Alan Dupree Wheat (born October 16, 1951) is an American economist, lobbyist, and politician who served six terms in the  U.S. House of Representatives from the state of Missouri from 1983 to 1995.

Early life

His father was James Wheat, an officer and civil engineer in the U.S. Air Force. His mother Emogene (Jean) Wheat was a teacher. Since his father served in the USAF, he grew up in air bases and went to schools in Wichita, Kansas, and Seville in Spain. In 1968, he graduated from Airline High School in Bossier City, Louisiana. Wheat was hired by the Department of Housing and Urban Development as an economist in 1972 after passing his B.A. in economics at Grinnell College, in Iowa. Between 1973 and 1975 he joined the Mid–America Regional Council in Kansas City for the same role. In 1975 he then became an aide to Mike White a Jackson County, Missouri, executive.

Missouri legislature 
In 1976, he won the election at age 25 to the Missouri general assembly, at the age of 25 and stayed there until 1982.

Campaign for Congress 
When Congressman Richard Walker Bolling had to retire after the 1982 House of Representative election, Wheat won the Democratic primary by only 1,004 votes (11%).
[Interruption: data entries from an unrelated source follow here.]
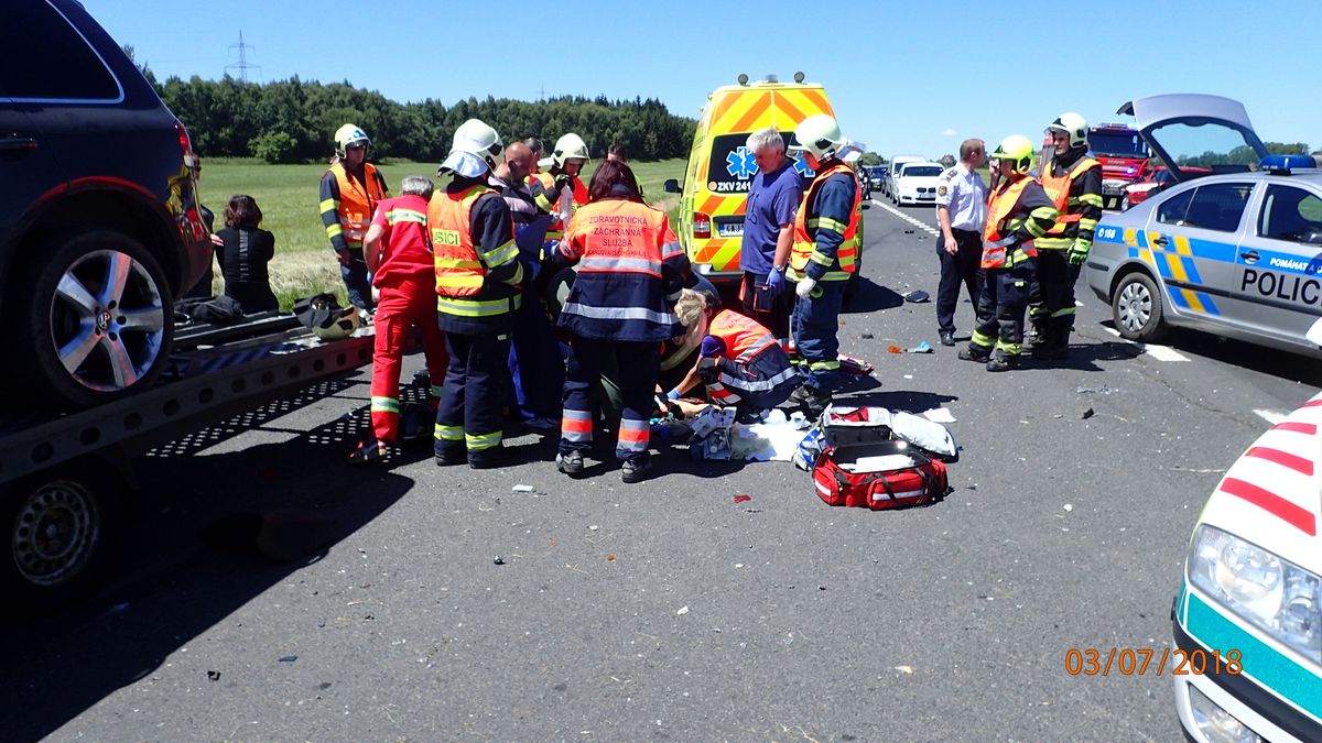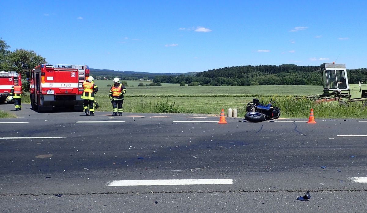 Na silnici z Bochova směrem na Prahu se v úterý, 3.7. 2018, před polednem srazila motorka s nákladním autem. Na místo byly...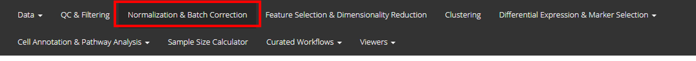 Normalization tab can be opened up by clicking on the Normalization & Batch Correction from the top menu and further selecting the Normalization sub-tab in the subsequent window as shown below.
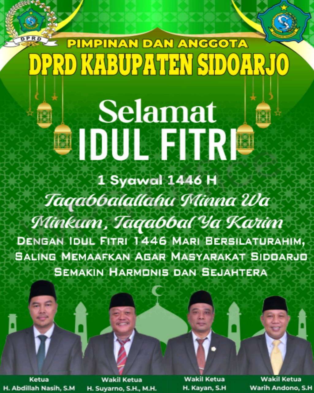 ” Taqobballohu minna waningkum taqobbal ya karim”, Dengan ini kami segenap Pimpinan dan Anggota DPRD Sidoarjo Mengucapkan Selamat Merayakan Hari Raya Idhul Futri 1446H, mari saling bersilaturahim saling memaafkan agar masyarakat Sidoarjo semakin harmonis dan srjahtera amiiin.

He went on to win the general election to succeed Bolling by beating Republican John Sharp with 58% of the votes.

House career and Senate campaign

Wheat was the youngest member of the United States House of Representatives ever to be appointed to the Rules Committee, and was also the first African-American to represent a district with a non-liberal white majority.  He was also a member of the United States House Select Committee on Children, Youth, and Families

In 1992, Wheat drew four opponents in the Democratic primary election. He was perceived to be vulnerable due to the House banking scandal and his having been one of the House members who had made overdrafts. Wheat survived the primary and defeated Republican Edward “Gomer” Moody, who was a well-known Missouri businessman. Wheat won the general election, which also included two third-party candidates, with 59% of the vote.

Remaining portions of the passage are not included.